The cash ratio exhibited a generally increasing trend over the five-year period. Initial values indicate a strong, but slightly decreasing, ability to cover current liabilities with immediately available cash. Subsequent years demonstrate improvement, culminating in the highest ratio observed in the final year of the analyzed period.
- Cash Ratio Trend
- The cash ratio began at 0.90 in 2021, representing 90% of current liabilities covered by total cash assets. A slight decrease was observed in 2022, with the ratio falling to 0.83. This indicates a marginal reduction in the company’s ability to meet its short-term obligations with only cash and cash equivalents.
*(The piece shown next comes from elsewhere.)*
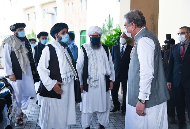 Phái đoàn Taliban tham gia hòa đàm với Chính phủ Afghanistan ở Pakistan. (Ảnh: AFP/TTXVN)

- However, a positive shift occurred in 2023, as the cash ratio rose to 1.01, signifying that the company held sufficient cash to fully cover its current liabilities. This upward momentum continued into 2024 and 2025, with the ratio reaching 1.27 and 1.39 respectively. These values suggest a strengthening liquidity position, with a growing margin of safety in meeting short-term obligations.
Total cash assets consistently increased throughout the period, moving from US$17,707 million in 2021 to US$44,059 million in 2025. While current liabilities also increased, the growth in cash assets outpaced the growth in current liabilities, driving the observed improvement in the cash ratio.
- Cash Assets and Current Liabilities
- Total cash assets increased steadily each year, demonstrating a consistent build-up of liquid resources. This growth is a key driver of the improving cash ratio.
- Current liabilities also increased over the period, from US$19,705 million in 2021 to US$31,714 million in 2025. However, the rate of increase in current liabilities was less pronounced than that of cash assets, contributing to the enhanced cash ratio.
The increasing cash ratio suggests a strengthening short-term liquidity position. The company appears increasingly capable of meeting its immediate obligations without relying on other current assets or external financing.